Cryptic abbreviations, true/false flags, and operational indicators should be supplemented in dimension tables with full text words that have meaning when independently viewed. Operational codes with embedded meaning within the code value should be broken down with each part of the code expanded into its own separate descriptive dimension attribute.
Similarly, the book describes three different ways to handle Null values that make a ton of sense:
1. In dimension tables, the authors recommend substituting Unknown or Not Applicable in place of the null value. This applies when a dimension row is incomplete or when some attributes don’t apply to all rows.
2. Foreign key columns should never include nulls. Otherwise, referential integrity is broken i.e. all fact rows should be associated with all the corresponding dimensions.
3. In fact tables, numeric measurements can be left null because calculations like sums and averages will correctly handle it. Replacing null with a 0 would bias the average, for example.

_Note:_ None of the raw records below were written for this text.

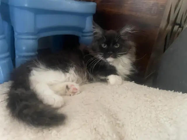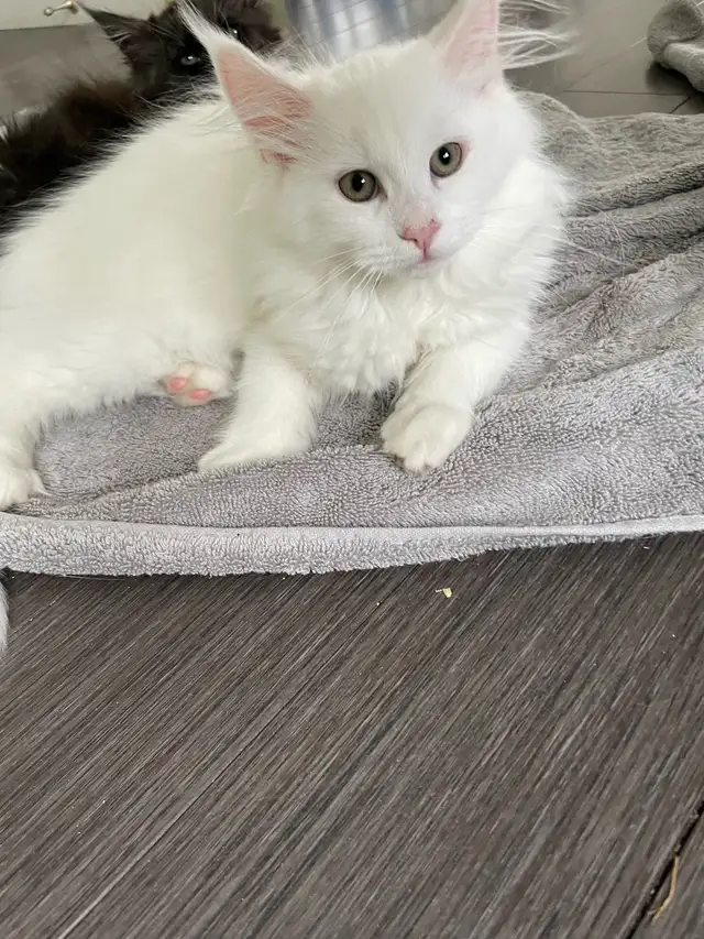 3 beaux chatons maincoon pure race(femelles )de parents enregistrés tica. Ils sont sociables avec les enfants et autres chats et chiens. Seront prêt pour 18 mars avec vaccins et bilan de santé. 2blancs(1 polydactile (vendue)) et un black tuxedo.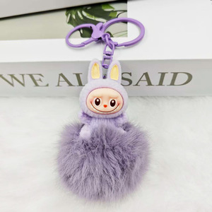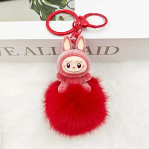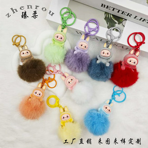 植绒拉布布毛球钥匙扣挂件车载挂饰少女背包挂饰学生闺蜜情侣礼物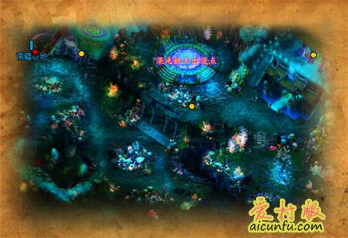 8转50级可进,地图怪物等级90-100,新增地图BOSS九天鹏王,怪物掉落鸿蒙元气,某些精英怪物死亡后可以使用洛阳铲挖掘。在南疆谷地会不定时刷新南疆大盗,击杀会掉落藏宝图(掉落拾取绑定,使用时限5分钟)及一些稀有道具,藏宝图可以进行挖宝。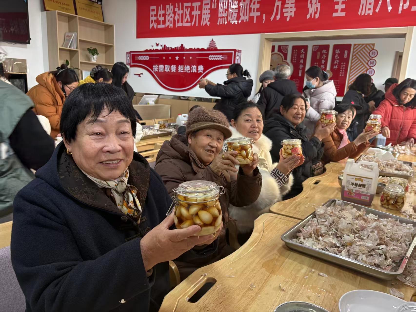 隨后進行的臘八蒜制作環(huán)節(jié),更是將氣氛推向溫馨高潮。居民們圍坐在一起,手法熟練地剝蒜、裝瓶、添醋,彼此交流腌制心得與生活趣事。一雙雙忙碌的手,一句句親切的家常,在寒冷的冬日里匯聚成濃濃的鄰里情。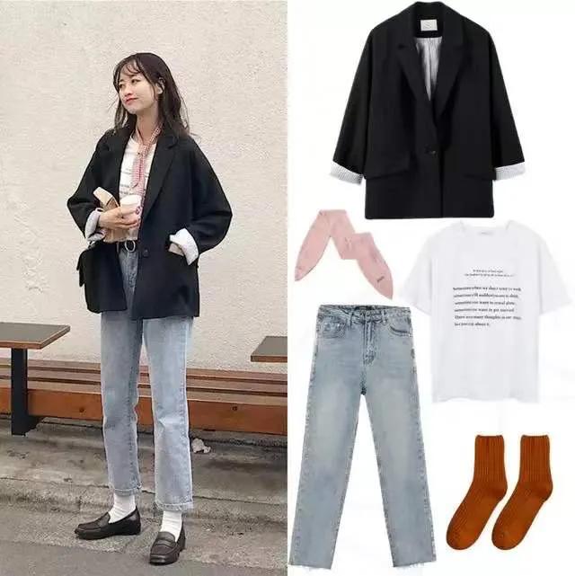 4、一款非常适合凹造型的的黑色西装外套,整体的垂坠感,很大气高大上,细黑白条纹的元素,多了几分随性休闲范,干净耐看,塑造版型的整体美感。内搭简约的字母t恤+浅色牛仔裤,脚踩英伦平跟鞋,多了一份帅气大方,学院风少女感十足。

Provide a Date dimension so that users can easily filter or group by date-related attributes. I like an easy way to access weekend vs. weekdays , the full name for days (Monday, Tuesday, …), months (January, February, …) or even quarters (2026 Q1, 2026 Q2, …) with a simple join. Even better if public holidays can be accessed or if dates important to the business can be retrieved. I have parsed and formatted dates countless times in SQL or Python, just to extract details like month names.
Finally, in the last chapter of the book, the authors focus on the implications that big data has on data warehouses and ETL systems. While doing so, they write “Add value to data as soon as possible”:

You should apply filtering, cleansing, pruning, conforming, matching, joining, and diagnosing at the earliest touch points possible. […] Conforming takes the active step of placing highly administered enterprise attributes into major entities such as customer, product, and date. The existence of these conformed attributes allows high value joins to be made across separate application domains. A shorter name for this step is “integration!” Diagnosing allows many interesting attributes to be added to data, including special confidence tags and textual identifiers representing behavior clusters identified by a data mining professional.

In my experience, data science teams often extract data from the warehouse, create insights in silos, and rarely return those insights to the warehouse. As a result, teams often duplicate work in silos or get stuck because they cannot reproduce time-intensive research or advanced data science. I appreciate the idea of enriching data as early as possible, especially by integrating results from company-wide data mining activities.